- Information shown
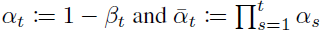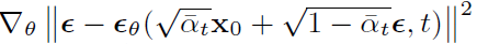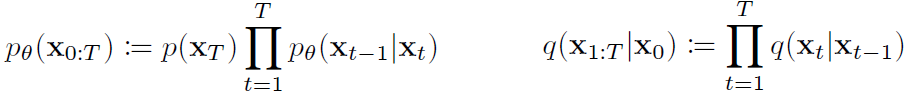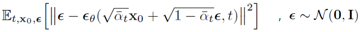 x0는 확률분포 q의 입력으로 주어집니다. t는 정수 T까지 정수값을 가집니다. ϵ는 가우시안 분포(=정규 분포)를 따릅니다. 아래 수식을 Neural Network의 weight를 update하기 위한 Loss로 사용합니다.
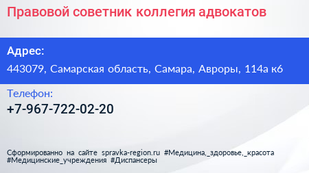 Правовой советник, коллегия адвокатов по адресу 443079, Самарская область, Самара, Авроры, 114а к6 в дальнейшем Организация, размещена в следующих категориях:
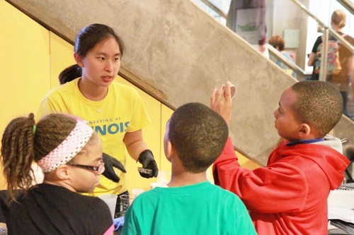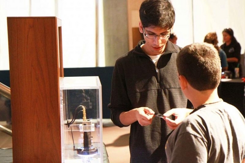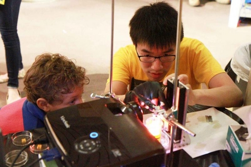 Participants made and took home small LEGO blocks using a homemade rapid prototyping system based on SLA technology. They manufactured small mirrors and saw how they could be used as one-way glass. The PTS students told participants about some of the research going on at the University of Illinois, including research into making flexible electronic devices using silicon.

- Work required
Could you copy the listing exactly, leaving out any pictures?

- The completed task
 x0는 확률분포 q의 입력으로 주어집니다. t는 정수 T까지 정수값을 가집니다. ϵ는 가우시안 분포(=정규 분포)를 따릅니다. 아래 수식을 Neural Network의 weight를 update하기 위한 Loss로 사용합니다.
 Правовой советник, коллегия адвокатов по адресу 443079, Самарская область, Самара, Авроры, 114а к6 в дальнейшем Организация, размещена в следующих категориях:
 Participants made and took home small LEGO blocks using a homemade rapid prototyping system based on SLA technology. They manufactured small mirrors and saw how they could be used as one-way glass. The PTS students told participants about some of the research going on at the University of Illinois, including research into making flexible electronic devices using silicon.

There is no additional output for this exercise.